Building an ETL(Extract, Transform and Load) pipeline using Python, PostgreSQL, PySpark and Airflow.

This post will detail how to build an ETL (Extract, Transform and Load) pipeline.

Prerequisites

Definition:

ETL is the general procedure of copying data from one or more sources into a destination system that represents the data differently from the source(s) or in a different context than the source(s).
Data Extraction involves extracting data from (one or more) homogeneous or heterogeneous sources;
Data Transformation processes data by data cleaning and transforming it into a proper storage format/structure for the purposes of querying and analysis;
Finally, Data Loading describes the insertion of data into the final target database such as an operational data store , data mart , data lake or a data warehouse.
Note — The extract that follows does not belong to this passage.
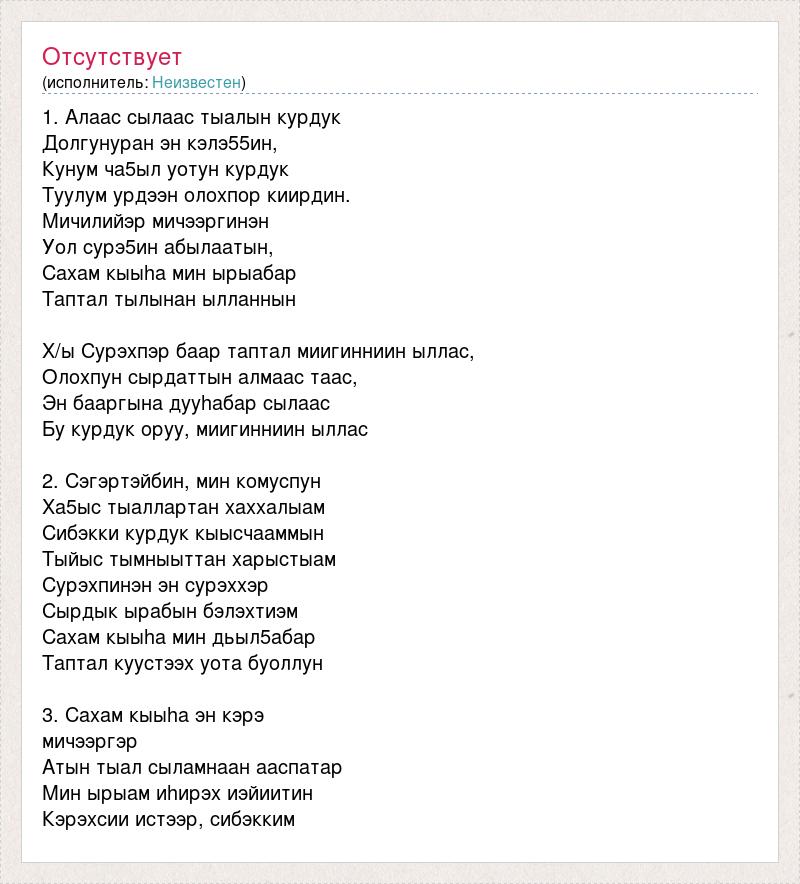 1. Алаас сылаас тыалын курдук Долгунуран эн кэлэ55ин, Кунум ча5ыл уотун курдук Туулум урдээн олохпор киирдин. Мичилийэр мичээргинэн Уол сурэ5ин абылаатын, Сахам кыыhа мин ырыабар Таптал тылынан ылланнын Х/ы Сурэхпэр баар таптал миигинниин ыллас, Олохпун сырдаттын алмаас таас, Эн бааргына дууhабар сылаас Бу курдук оруу, миигинниин ыллас 2. Сэгэртэйбин, мин комуспун Ха5ыс тыаллартан хаххалыам Сибэкки курдук кыысчааммын Тыйыс тымныыттан харыстыам Сурэхпинэн эн сурэххэр Сырдык ырабын бэлэхтиэм Сахам кыыhа мин дьыл5абар Таптал куустээх уота буоллун 3. Сахам кыыhа эн кэрэ мичээргэр Атын тыал сыламнаан ааспатар Мин ырыам иhирэх иэйиитин Кэрэхсии истээр, сибэкким

Before we head towards setting up Airflow, let's do a quick overvirew.

Apache Airflow, is an open-source tool for orchestrating complex computational workflows and creating a data processing pipeline. Think of it as a fancy version of a job scheduler or cron job.
A workflow is a series of tasks that are executed in a specific order and we call them DAGs.
A DAG (Directed Acyclic Graph) is a graph that contains a set of tasks that are connected by dependencies or a graph with nodes connected via directed edges.

Setting Up Airflow

Okay now that we got the basics of what Airflow and DAGs are, let’s set up Airflow.
First, we will need to create our custom Airflow Docker image. This image adds and installs a list of Python packages that we will need to run the ETL (Extract, Transform and Load) pipeline.
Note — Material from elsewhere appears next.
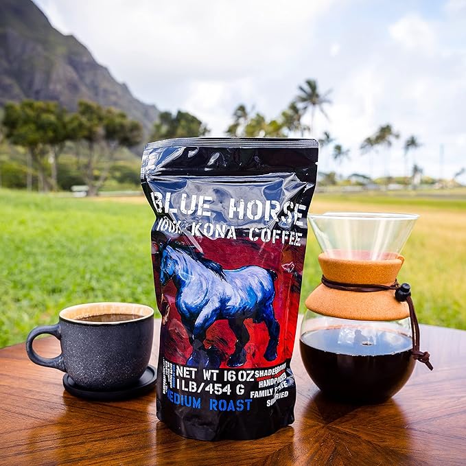 - TRY A CUP: Blue Horse 100% Kona Coffee comes highly rated by thousands of satisfied and loyal customers who have loved our delicious, US-made coffee since 2005. We will let you decide for yourself, and hope you will love our coffee as well. Mahalo!

Docker Image Build via Dockerfile

navigate to

docker > airflow-setup > Dockerfile

The project contains a Dockerfile that contians installations of JAVA-JDK.v11, ApacheSpark.v3.2.1, Hadoop.v3.2, & other dependencies built on top of Airflow.v.2.2.3 .

Docker Compose File

navigate to

docker > docker-compose.yaml

After creating the foundation of our project in the Dockerfile we can move towards running containers and starting up services. The docker-compose.yaml file below is a modified version of the official Airflow yaml file. We have added the following changes:
- Customized Airflow image that includes the installation of Python dependencies.
- A custom network (oasiscorp) for bridging the containers, this will enable the containers to exist within a shared network.
- Removes example DAGs.
- Add our .env file to the Airflow container and,
- Added hostnames for better IP recogntion.
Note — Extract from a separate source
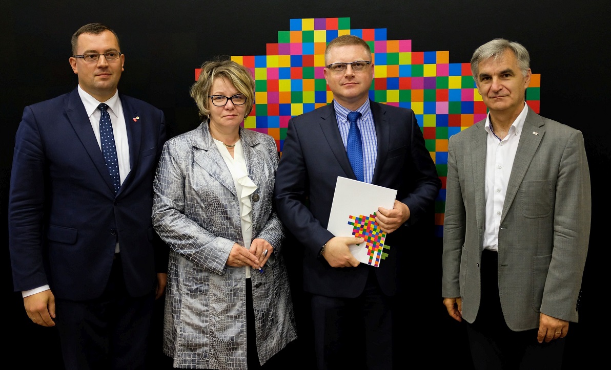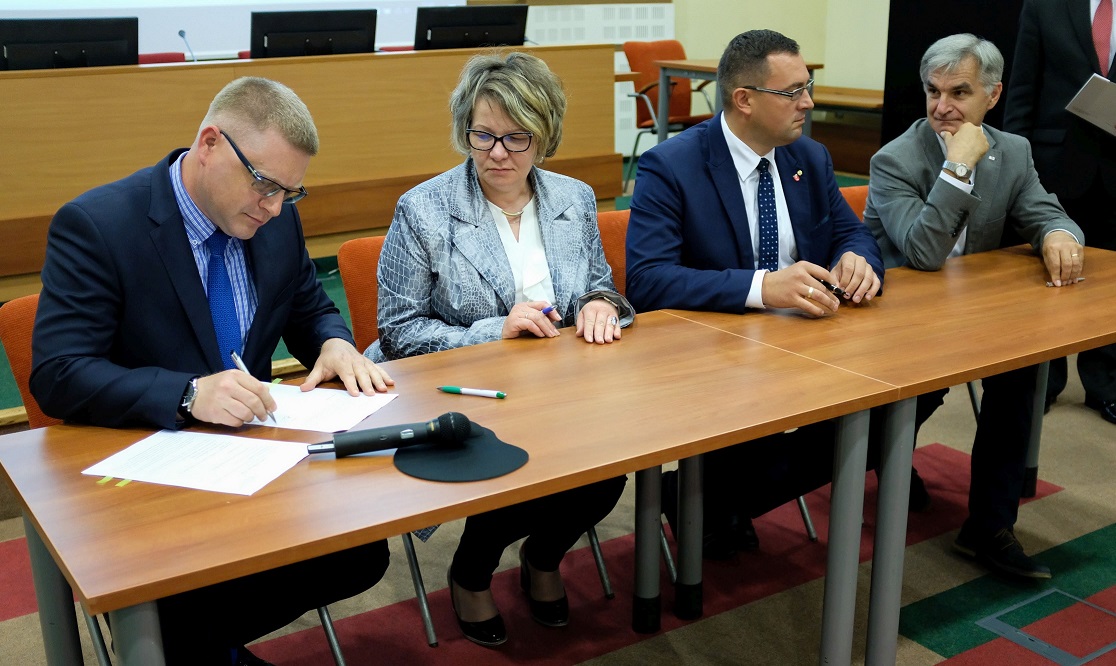 Wójt Gminy Szypliszki Mariusz Grygieńć, Skarbnik Gminy Małgorzata Barszczewska oraz Bogdan Dyjuk i Stefan Krajewski , członkowie Zarządu Województwa Podlaskiego podpisali umowę o dofinansowaniu realizacji projektu „Zakup wyposażenia sportowego i rekreacyjnego do ogólnodostępnej sali gimnastycznej w Kaletniku” w ramach „Programu odnowy wsi województwa podlaskiego”.

The docker-compose.yaml file when deployed will start a list of containers namely:

airflow-scheduler - The scheduler monitors all tasks and DAGs, then triggers the task instances once their dependencies are complete.
airflow-webserver - The webserver is available at http://localhost:8080.
airflow-worker - The worker that executes the tasks given by the scheduler.
airflow-init - The initialization service.
flower - The flower app for monitoring the environment. It is available at http:/localhost:5555.
postgres - The database.
redis - The redis-broker that forwards messages from scheduler to worker.

Development

Clone project

$ git clone https://github.com/le-oasis/airflow-docker-spark

Build Image

Build our image from the Dockerfile located in the airflow-docker-spark folder

docker build -t docker-prunedge:latest .

Add the Environment File

This will enable the local host runtime and the container runtime to work with the same user. This is needed for Linux or Linux-style environments - which includes Mac

echo -e "AIRFLOW_UID=$(id -u)\nAIRFLOW_GID=0" > .env

Airflow Init

You must run this once before you can get started. This is the initial bootstrap process. This process will download all of the required Docker container images, and run the initialization sequence required to run Airflow.

docker-compose up airflow-init

You will see a bunch of debug logging during this process. You can scroll through this to see what the initalization process is doing.
Ultimately, this process is in charge of running the database setup work and migrations, bootstrapping and all initalization scripts.
Please note that the init will take about 20minutes to cook up, depending on yor internet speed.
This is essentially, everything you need to get up and running on Apache Airflow.
When we run the docker-compose up airflow-init command, we will see the following output:

This will create the Airflow database and the Airflow USER. Once we have the Airflow database and the Airflow USER, we can start the Airflow services:

Personal Rule of Thumb

For ease of use, before starting services, please pull the required docker images first.

docker pull bitnami/minio:latest

docker pull bitnami/spark:latest

docker pull jupyter/pyspark-notebook:latest

navigate to

pwd > docker

Starting Services

After running airflow-init & pulling the necessary images, you're ready to rock n roll. Copy and paste the following to your terminal.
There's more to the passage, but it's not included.